Start of Provided data

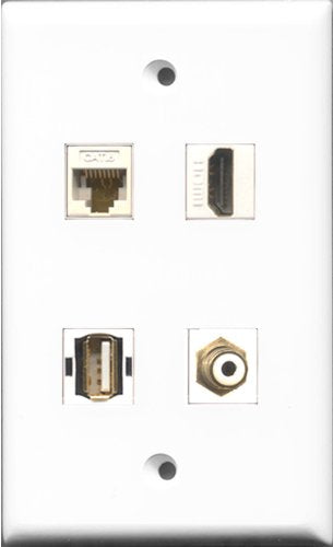 RiteAV 1 Port HDMI and 1 Port RCA White and 1 Port USB A-A and 1 Port Cat6 Ethernet White Wall Plate
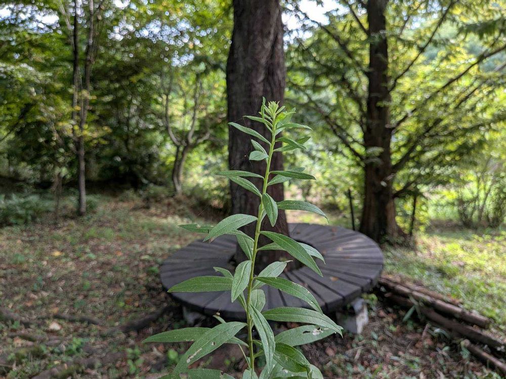 斜面のサークルベンチ前の背高泡立草は
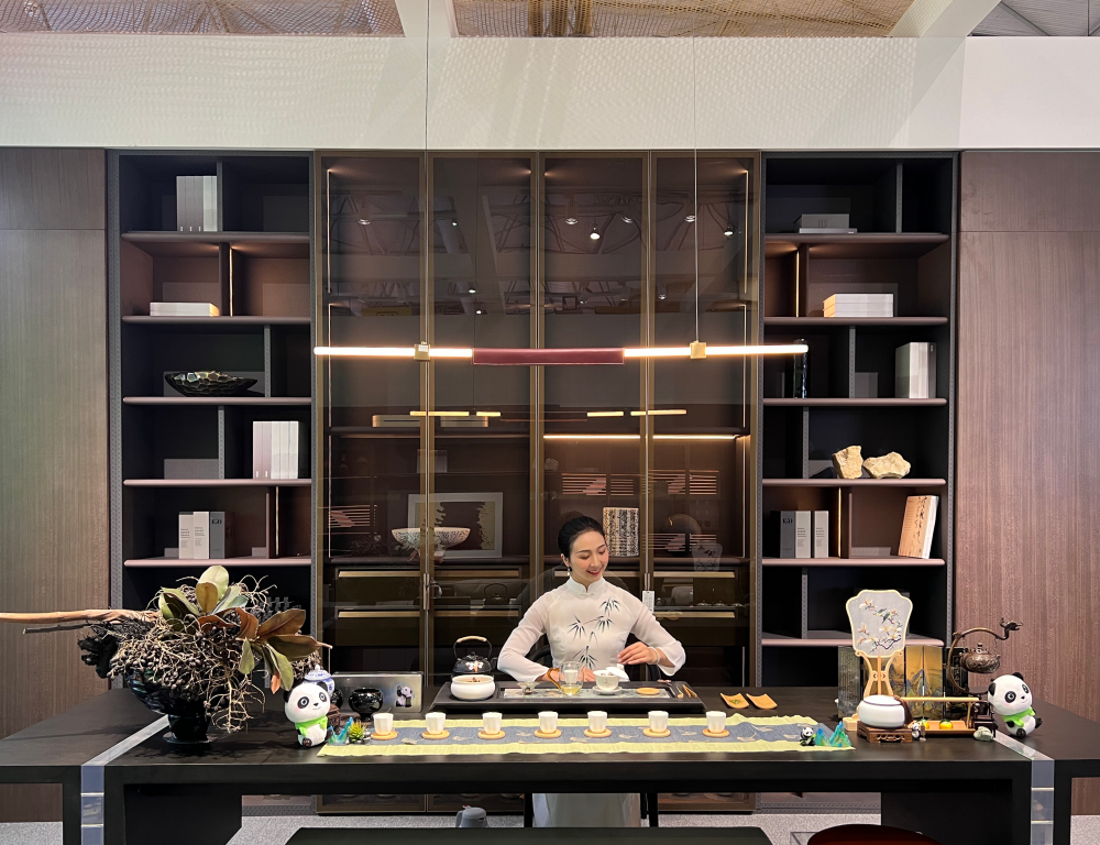 大象传媒 在此次展览中融合了中式文化与川派元素,构建出兼具现代感与中式气质的家居场景。不仅能够让消费者真切体验到大象传媒 产品的舒适与实用性,更在细节中流露出雅致韵味,成功吸引了众多业内人士与消费者的目光。
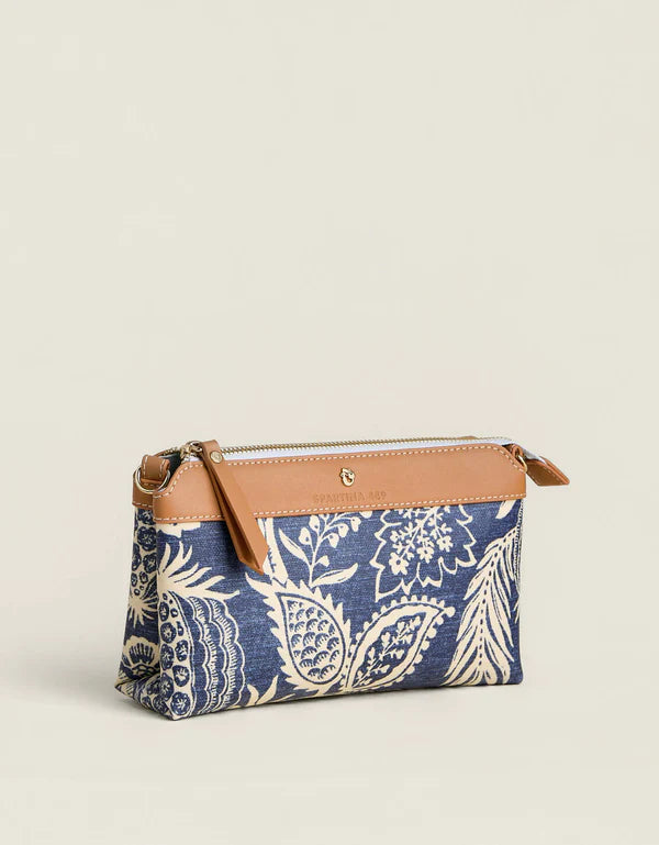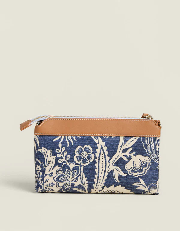 Carry on its own or slip into your favorite large tote, our Emma Crossbody is made to take you everywhere. Adorned with a lively Flagler blue pattern and accented by a brown faux leather trim, this crossbody features 3 RFID-protected card slots, a center divider with 2 bill slots and a zipper pocket.

End of Provided data

== Description of the task ==
Leave out the pictures, then reproduce exactly the run of lines from the one that contains "斜面のサークルベンチ前の背高泡立草は" to the final line of the listing above.

== Solved problem ==
 斜面のサークルベンチ前の背高泡立草は
 大象传媒 在此次展览中融合了中式文化与川派元素,构建出兼具现代感与中式气质的家居场景。不仅能够让消费者真切体验到大象传媒 产品的舒适与实用性,更在细节中流露出雅致韵味,成功吸引了众多业内人士与消费者的目光。
 Carry on its own or slip into your favorite large tote, our Emma Crossbody is made to take you everywhere. Adorned with a lively Flagler blue pattern and accented by a brown faux leather trim, this crossbody features 3 RFID-protected card slots, a center divider with 2 bill slots and a zipper pocket.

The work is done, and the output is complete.